■ AIM OF THE TASK
Make the copy match the entries below exactly, with no pictures carried over.

■ RECORDS TO PROCESS
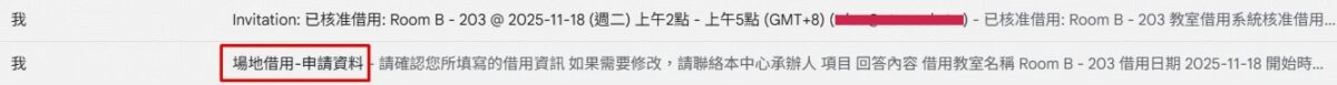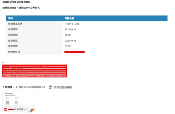 這樣借用人送出表單之後,就會收到通知信跟附件
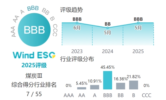 行业独占鳌头,领跑能源赛道。国证指数2025年第三季度ESG评级显示,美锦能源获评A级,在申万一级煤炭行业5家上市公司中排名第1,超越电投能源、冀中能源、山西焦煤等同行。两大国内权威指数机构均给予行业领先评价,充分说明美锦能源在ESG领域的实践,已成为国内能源企业绿色发展的标杆样本。
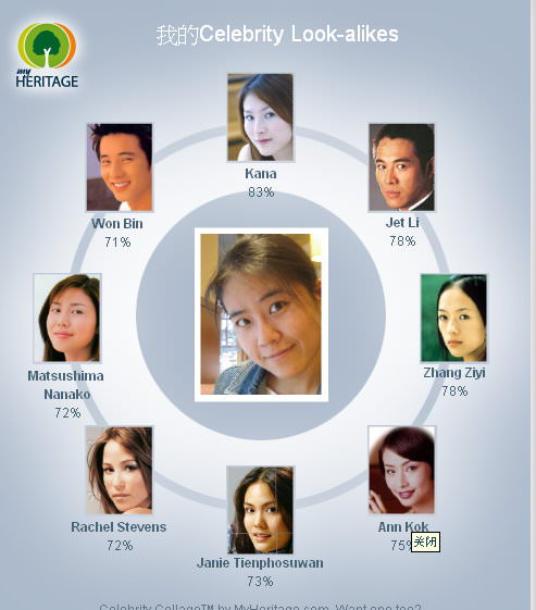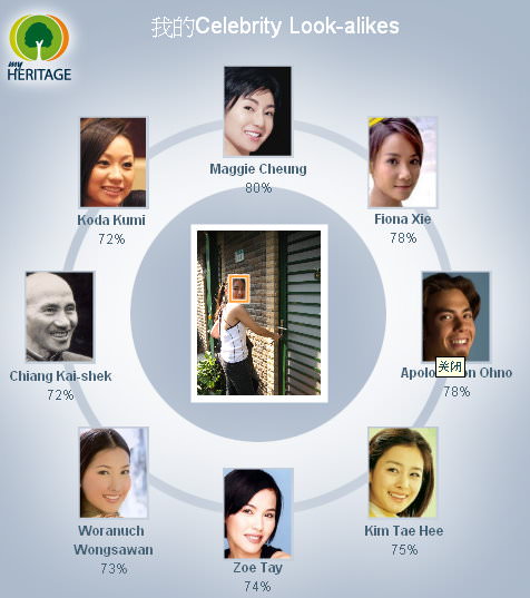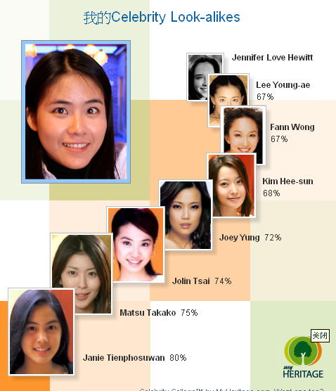 各位眼尖的看官們,不知道你們有沒有發現,其中有兩張重複比對到同一個人—國父 孫中山先生,所以算是可信度較高囉!天哪!我們該不會有什麼關係吧!呵呵!比較慘的是綁了頭髮、戴了眼鏡之後,比對出來男生的比例增加了…我終於該好好相信為什麼小朋友都說我戴眼鏡很醜了…但令人安慰的是,比對出來的至少都是美女…
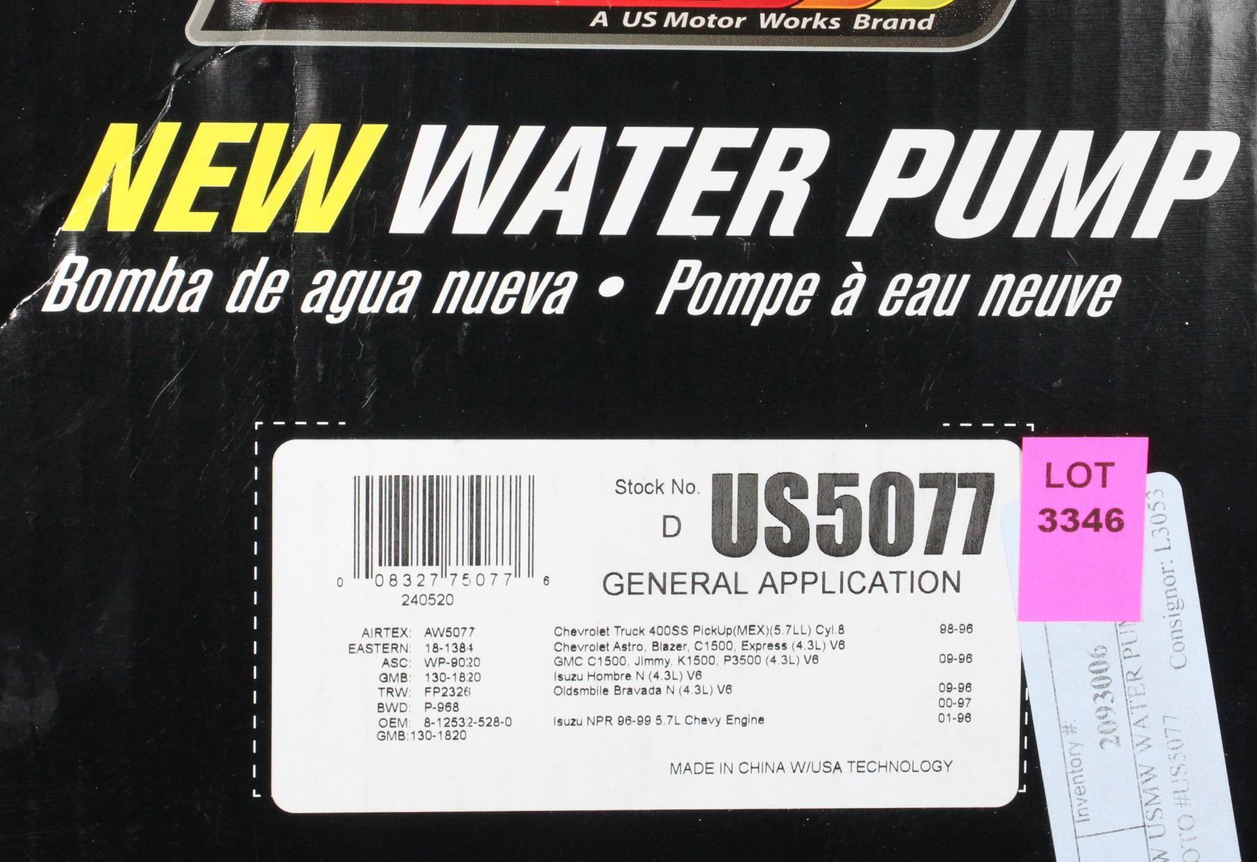 NEW USMW WATER PUMP INFO IN PHOTO #US5077
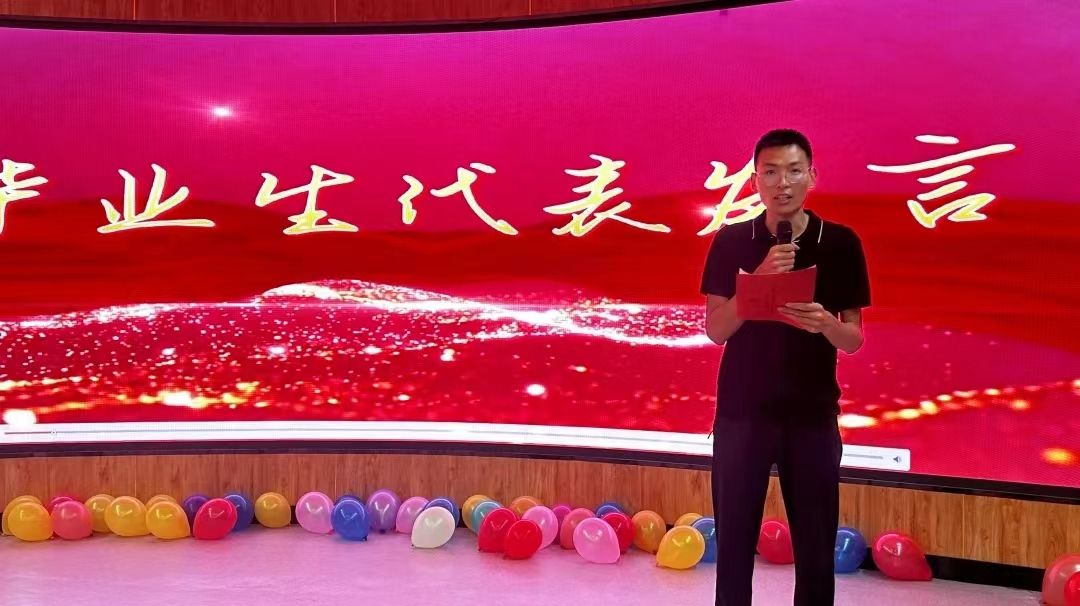 马克思主义学院2024届毕业生代表高波发言,他表达了对母校的感激和祝愿,抒发了对老师、校园的不舍和留恋之情,他表示将怀揣着梦想,在今后的时光里继续勇往直前。
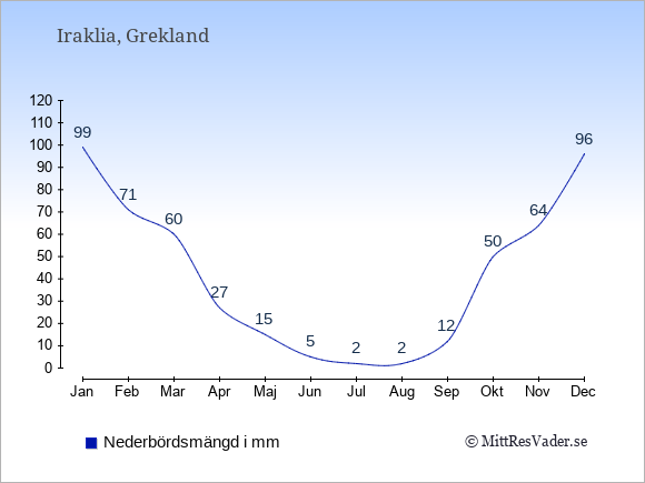 För att se hur vädret på Iraklia skiljer sig från vädret hemma, kan du också jämföra siffrorna måned för måned med motsvarande siffror för Sverige under samma period här: Iraklias klimat.
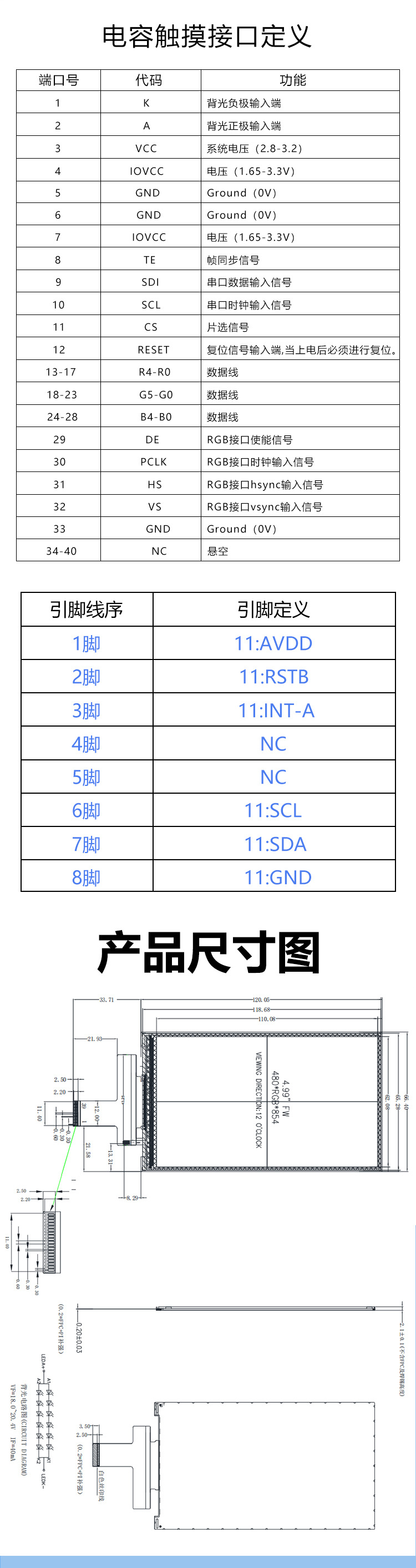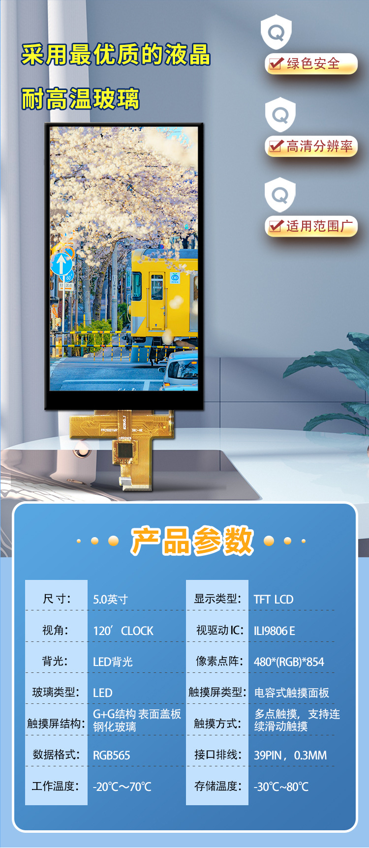 5.0 인치 TFTLCD 디스플레이 39p 용량 터치 RGB LCD 디스플레이
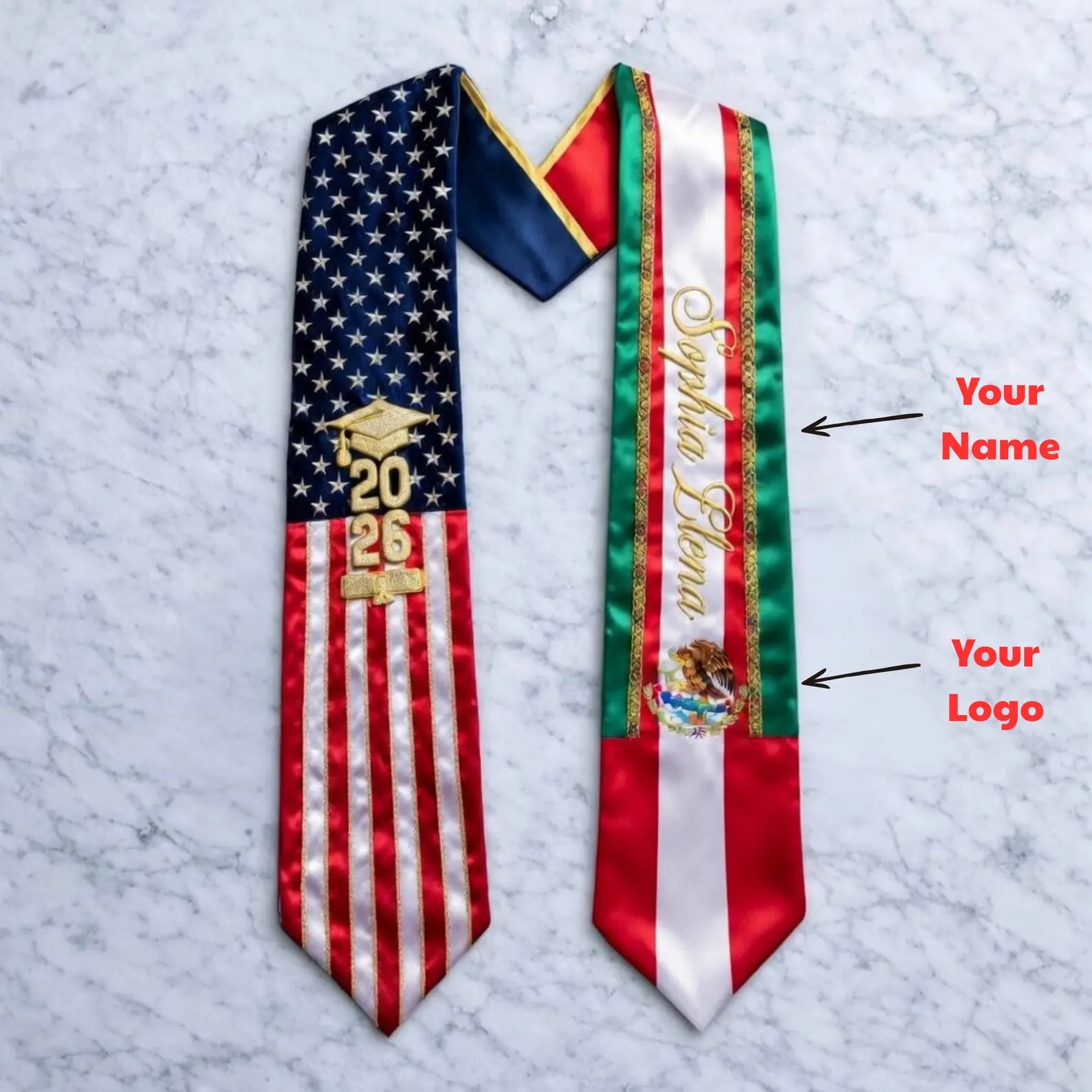 Graduation Stole Personalized Dual Flag, Custom Senior Sash with Name School Year, Cultural Class of Stole Gift for Ceremony
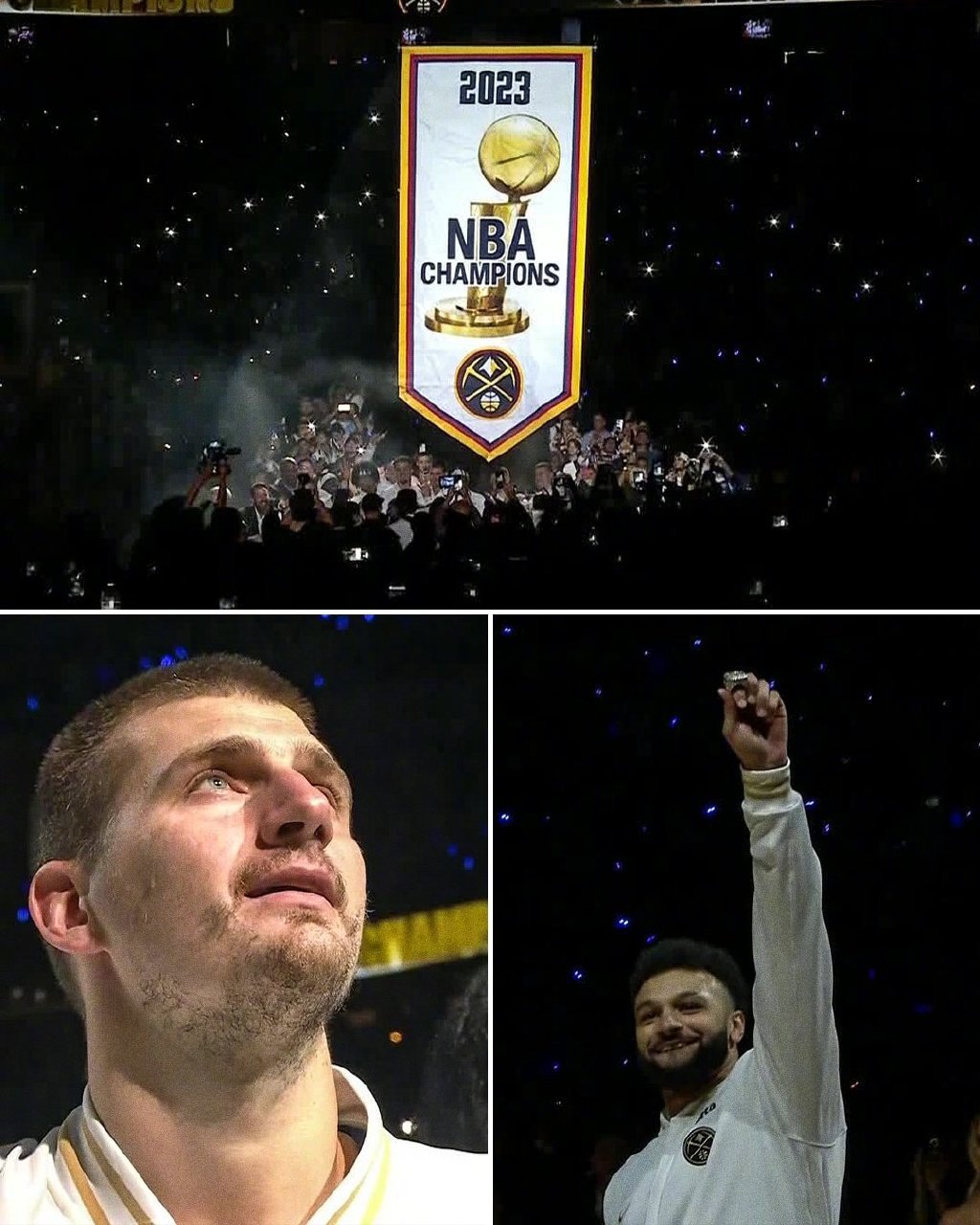 2023到2024赛季NBA常规赛正式开打!揭幕战前,掘金全队在主场球迷的欢呼下,依次登场领取属于自己的总冠军戒指 !
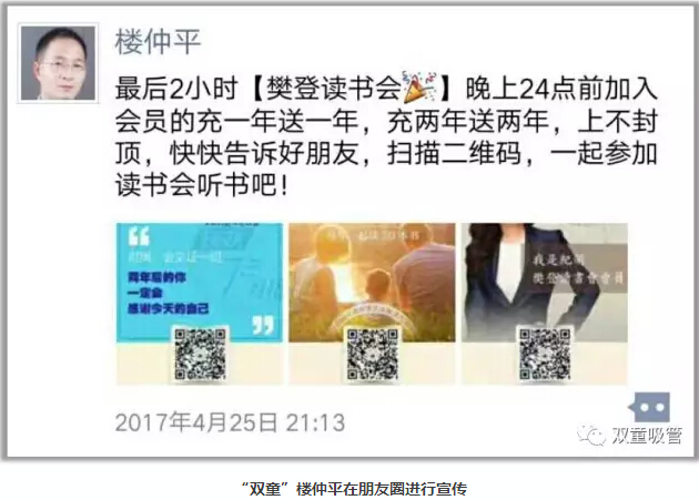 對此,“雙童”樓仲平表示,他非常高興可以影響這么多好友加入讀書會,因為正面影響他人是一件非常神圣的事情,一年投入365元,就可以學(xué)習(xí)到各類經(jīng)典好書,不僅開闊了自己的視野,還提升了自身的認(rèn)知水平,甚至有可能會改變自己的命運!
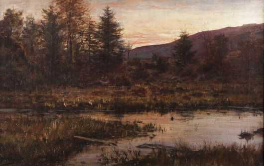 | early dawn landscape with a marsh in the foreground, with trees and hills in the back | |
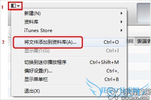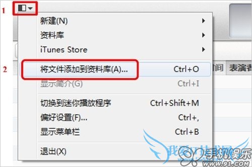 a) 点击iTunes上左上角的菜单按钮,在弹出的菜单中选择“将文件添加到资料库”,既可将准备好的音乐文件添加到iTunes的资料库。
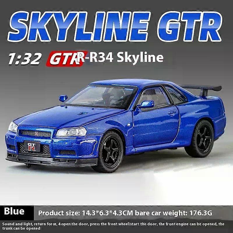 1:32 Nissan GTR R34 Skyline Supercar Alloy Metal Diecast Car Model Toy Racing Car Simulation Sound Light Childrens Gift
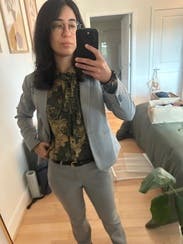 After wearing this Ulla Johnson is my new favorite luxury workwear designer, I was amazing by how soft and comfortable the fabric of this shirt was. I was a little skeptical of the green and yellow/golden colored pattern when ordering but it was honestly so beautiful. I got lots of compliments and just really felt so put together. The shirt is by far the softest/more comfortable dress shirt I have ever worn by far. I didn’t get a ton of pictures of the whole outfit but I wore this with black trousers and flats with my brown bag to break it up. The statement of the outfit was definitely this shirt, I would love to purchase this for myself sometime in the future but for now loved renting this and am excited to rent more pieces from Ulla Johnson like this one.

■ REPLY TO THE TASK
 這樣借用人送出表單之後,就會收到通知信跟附件
 行业独占鳌头,领跑能源赛道。国证指数2025年第三季度ESG评级显示,美锦能源获评A级,在申万一级煤炭行业5家上市公司中排名第1,超越电投能源、冀中能源、山西焦煤等同行。两大国内权威指数机构均给予行业领先评价,充分说明美锦能源在ESG领域的实践,已成为国内能源企业绿色发展的标杆样本。
 各位眼尖的看官們,不知道你們有沒有發現,其中有兩張重複比對到同一個人—國父 孫中山先生,所以算是可信度較高囉!天哪!我們該不會有什麼關係吧!呵呵!比較慘的是綁了頭髮、戴了眼鏡之後,比對出來男生的比例增加了…我終於該好好相信為什麼小朋友都說我戴眼鏡很醜了…但令人安慰的是,比對出來的至少都是美女…
 NEW USMW WATER PUMP INFO IN PHOTO #US5077
 马克思主义学院2024届毕业生代表高波发言,他表达了对母校的感激和祝愿,抒发了对老师、校园的不舍和留恋之情,他表示将怀揣着梦想,在今后的时光里继续勇往直前。
 För att se hur vädret på Iraklia skiljer sig från vädret hemma, kan du också jämföra siffrorna måned för måned med motsvarande siffror för Sverige under samma period här: Iraklias klimat.
 5.0 인치 TFTLCD 디스플레이 39p 용량 터치 RGB LCD 디스플레이
 Graduation Stole Personalized Dual Flag, Custom Senior Sash with Name School Year, Cultural Class of Stole Gift for Ceremony
 2023到2024赛季NBA常规赛正式开打!揭幕战前,掘金全队在主场球迷的欢呼下,依次登场领取属于自己的总冠军戒指 !
 對此,“雙童”樓仲平表示,他非常高興可以影響這么多好友加入讀書會,因為正面影響他人是一件非常神圣的事情,一年投入365元,就可以學(xué)習(xí)到各類經(jīng)典好書,不僅開闊了自己的視野,還提升了自身的認(rèn)知水平,甚至有可能會改變自己的命運!
 | early dawn landscape with a marsh in the foreground, with trees and hills in the back | |
 a) 点击iTunes上左上角的菜单按钮,在弹出的菜单中选择“将文件添加到资料库”,既可将准备好的音乐文件添加到iTunes的资料库。
 1:32 Nissan GTR R34 Skyline Supercar Alloy Metal Diecast Car Model Toy Racing Car Simulation Sound Light Childrens Gift
 After wearing this Ulla Johnson is my new favorite luxury workwear designer, I was amazing by how soft and comfortable the fabric of this shirt was. I was a little skeptical of the green and yellow/golden colored pattern when ordering but it was honestly so beautiful. I got lots of compliments and just really felt so put together. The shirt is by far the softest/more comfortable dress shirt I have ever worn by far. I didn’t get a ton of pictures of the whole outfit but I wore this with black trousers and flats with my brown bag to break it up. The statement of the outfit was definitely this shirt, I would love to purchase this for myself sometime in the future but for now loved renting this and am excited to rent more pieces from Ulla Johnson like this one.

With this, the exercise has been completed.